> **HOW TO COMPLETE THIS TASK**:
Reproduce every record below word for word and include no pictures.
[GIVEN INFORMATION — start]
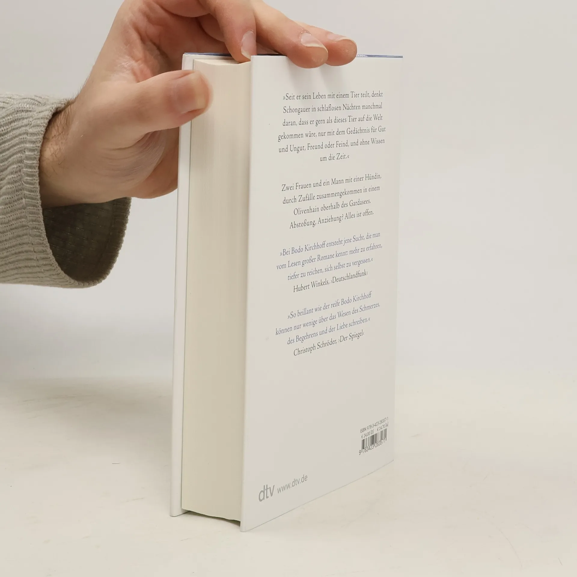 »Ein Meistererzähler.« Richard Kämmerlings Vier Tage vor dem Höhepunkt des Sommers, dort, wo sich Louis Arthur Schongauer, einst düsterer Deutscher in Hollywood-Filmen, nach dem Tod seiner Frau zurückgezogen hat. Jetzt will er nur noch mit seiner Hündin leben, inmitten alter Oliven oberhalb des Gardasees. Doch dann strandet eine Reisebloggerin beim Wenden in seiner Zufahrt, und am nächsten Tag erwartet er eine Autorin, die ihn mit einem Porträt aus der Vergessenheit holen will: zwei Frauen mit Gespür für die Wunden in seinem Leben. Umso wichtiger wird ihm nun sein Tier, für das es nur ein Hier und Jetzt gibt … In Bodo Kirchhoffs neuem Roman geht es um die Sehnsucht nach dem Menschen, der uns erkennt, und die Abgründe, die sich auftun, wenn wir dieser Sehnsucht folgen.
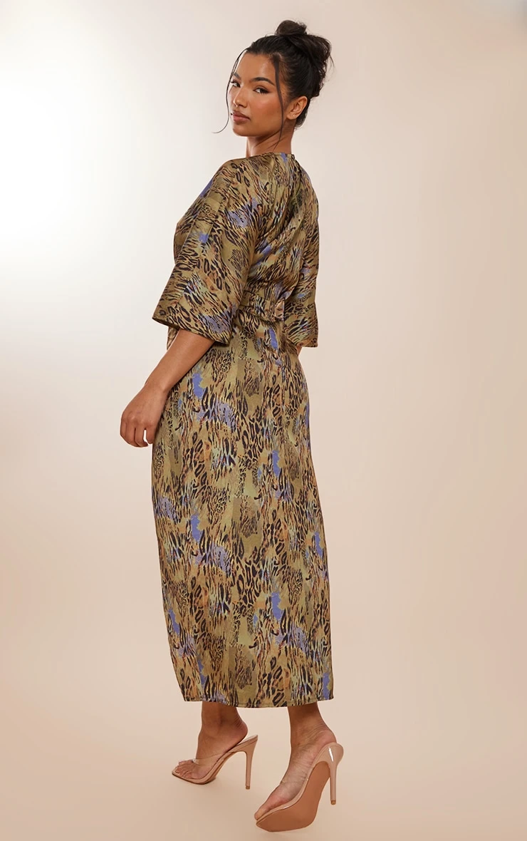 Your what-to-wear dilemmas have been answered with this khaki animal print satin batwing plunge split midaxi dress. With a khaki animal print satin material, batwing design, and a split hem, you are sure to impress. No matter what your plan are, whether they are a romantic date night or a get-away in the sun, this midaxi dress is just what you need. Team with clear heels and gold accessories for a chic finish.
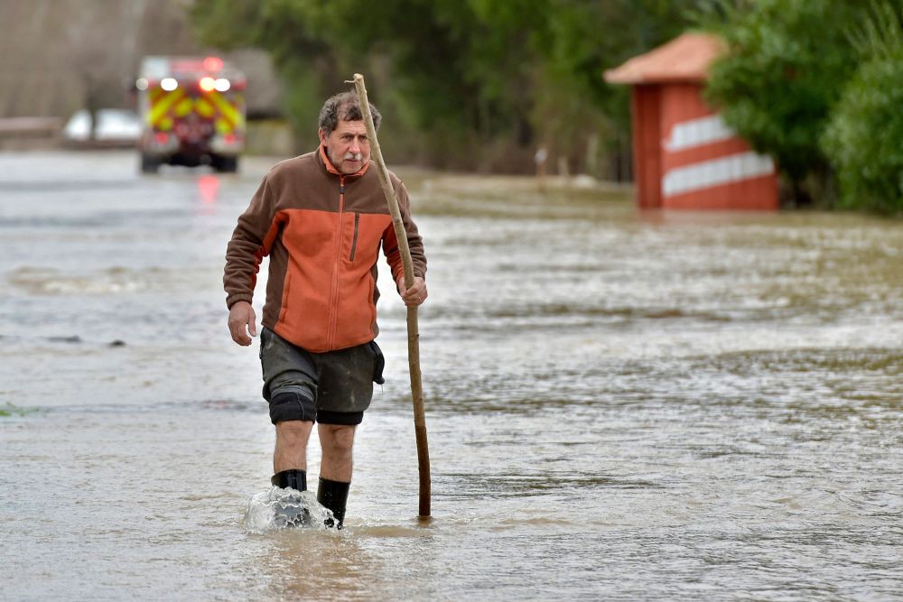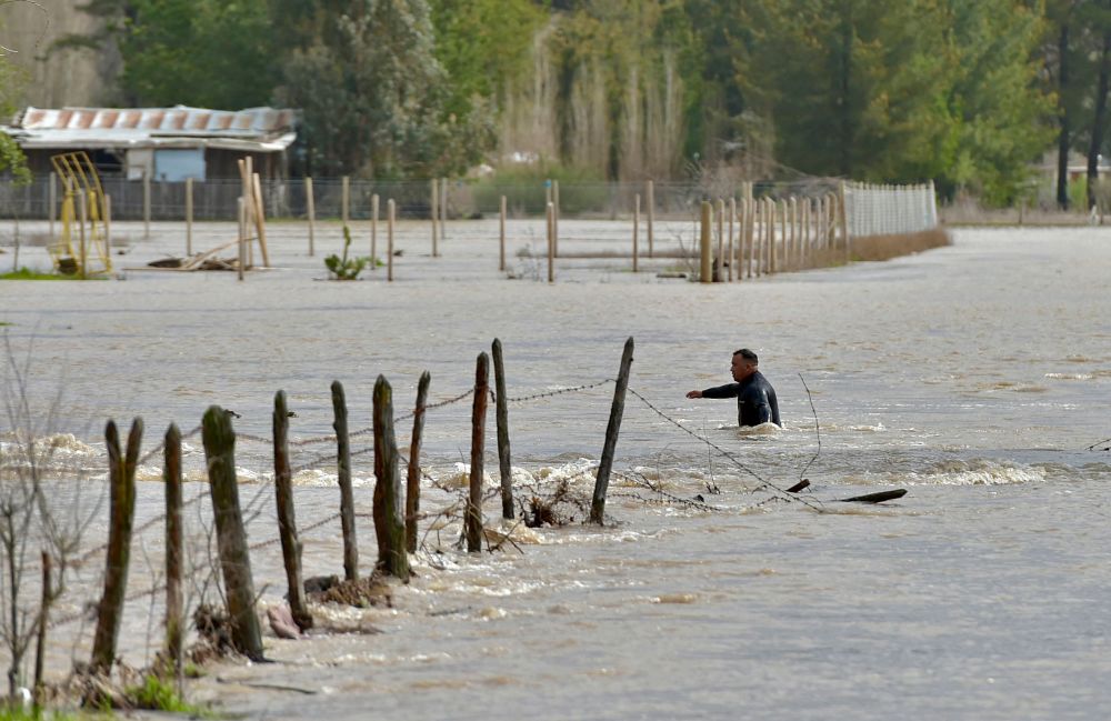 8月21日,在智利卡夫雷罗,一名男子在洪水中行进。新华社/法新
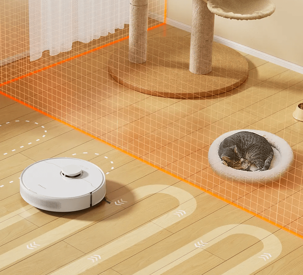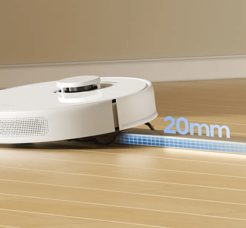 این ربات هوشمند میتونه به راحتی از روی موانع با ارتفاع 20 میلی متر (2 سانتیمتر) عبور کنه و از بین اجسام روی زمین، حرمت کنه. همچنین به آسانی از این اتاق به اتاق دیگه میره بدون اینکه به پایین چهارچوب درب برخورد کنه یا روی ورودی درب، گیر بیفته.
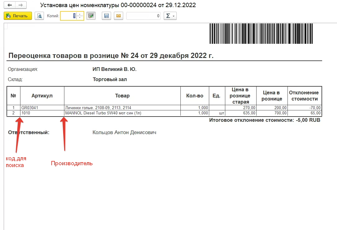 2. Переоценка в рознице
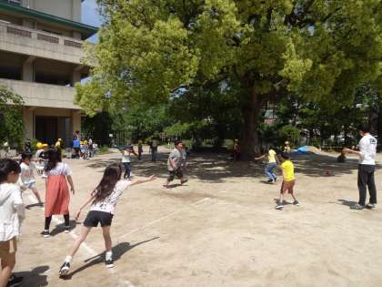 中間休みには、京都市教育委員会が全市の小学校に呼び掛けてみんなでチャレンジする「スポチャレ」の今回の種目、「ギャロップリレー」に3年生が取り組んでいました!
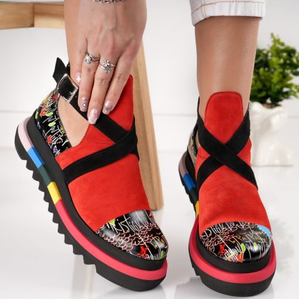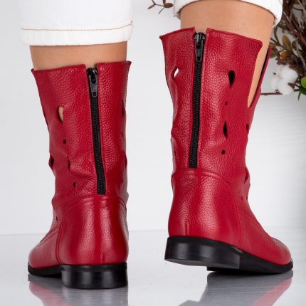 Ghete Rossa cu detalii perforate din piele naturala intoarsa
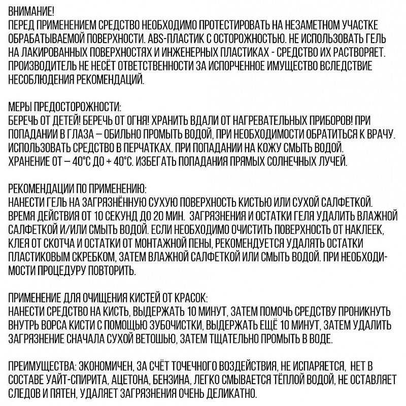 Универсальный очиститель – средство для очищения поверхностей, кистей и инструментов. Предназначен для эффективного очищения различных поверхностей: мебели - столы, стулья, парты, т.е. твёрдых; паркета, линолеума, стекла, металла, оконного профиля, пластика ПВХ, магнитно-маркерных досок, а также инструментов, кистей и палитр. Очищает сложные загрязнения: различные виды красок: акриловые, масляные, алкидные, аэрозольные, граффити, темперные, штемпельные, эбру; чернила от ручки, фломастер, перманентный маркер, лак, акриловый клей, штрих, клеевую основу от скотча и наклеек, двухсторонний бумажный скотч, наклейки, эпоксидную смолу, йод, зелёнку, фукорцин. Можно применять после ремонта и стройки для удаления: остатков монтажной пены, акрилового герметика, битума, декоративной штукатурки. Форма: гель. Упаковка: флакон с дозатором. Объём: 30 мл. Состав: 90% пищевых добавок, 5% неионогенных ПАВ, 5% загуститель. Срок годности: 36 месяцев.
[GIVEN INFORMATION — finish]
> **REPLY TO THE TASK**:
 »Ein Meistererzähler.« Richard Kämmerlings Vier Tage vor dem Höhepunkt des Sommers, dort, wo sich Louis Arthur Schongauer, einst düsterer Deutscher in Hollywood-Filmen, nach dem Tod seiner Frau zurückgezogen hat. Jetzt will er nur noch mit seiner Hündin leben, inmitten alter Oliven oberhalb des Gardasees. Doch dann strandet eine Reisebloggerin beim Wenden in seiner Zufahrt, und am nächsten Tag erwartet er eine Autorin, die ihn mit einem Porträt aus der Vergessenheit holen will: zwei Frauen mit Gespür für die Wunden in seinem Leben. Umso wichtiger wird ihm nun sein Tier, für das es nur ein Hier und Jetzt gibt … In Bodo Kirchhoffs neuem Roman geht es um die Sehnsucht nach dem Menschen, der uns erkennt, und die Abgründe, die sich auftun, wenn wir dieser Sehnsucht folgen.
 Your what-to-wear dilemmas have been answered with this khaki animal print satin batwing plunge split midaxi dress. With a khaki animal print satin material, batwing design, and a split hem, you are sure to impress. No matter what your plan are, whether they are a romantic date night or a get-away in the sun, this midaxi dress is just what you need. Team with clear heels and gold accessories for a chic finish.
 8月21日,在智利卡夫雷罗,一名男子在洪水中行进。新华社/法新
 این ربات هوشمند میتونه به راحتی از روی موانع با ارتفاع 20 میلی متر (2 سانتیمتر) عبور کنه و از بین اجسام روی زمین، حرمت کنه. همچنین به آسانی از این اتاق به اتاق دیگه میره بدون اینکه به پایین چهارچوب درب برخورد کنه یا روی ورودی درب، گیر بیفته.
 2. Переоценка в рознице
 中間休みには、京都市教育委員会が全市の小学校に呼び掛けてみんなでチャレンジする「スポチャレ」の今回の種目、「ギャロップリレー」に3年生が取り組んでいました!
 Ghete Rossa cu detalii perforate din piele naturala intoarsa
 Универсальный очиститель – средство для очищения поверхностей, кистей и инструментов. Предназначен для эффективного очищения различных поверхностей: мебели - столы, стулья, парты, т.е. твёрдых; паркета, линолеума, стекла, металла, оконного профиля, пластика ПВХ, магнитно-маркерных досок, а также инструментов, кистей и палитр. Очищает сложные загрязнения: различные виды красок: акриловые, масляные, алкидные, аэрозольные, граффити, темперные, штемпельные, эбру; чернила от ручки, фломастер, перманентный маркер, лак, акриловый клей, штрих, клеевую основу от скотча и наклеек, двухсторонний бумажный скотч, наклейки, эпоксидную смолу, йод, зелёнку, фукорцин. Можно применять после ремонта и стройки для удаления: остатков монтажной пены, акрилового герметика, битума, декоративной штукатурки. Форма: гель. Упаковка: флакон с дозатором. Объём: 30 мл. Состав: 90% пищевых добавок, 5% неионогенных ПАВ, 5% загуститель. Срок годности: 36 месяцев.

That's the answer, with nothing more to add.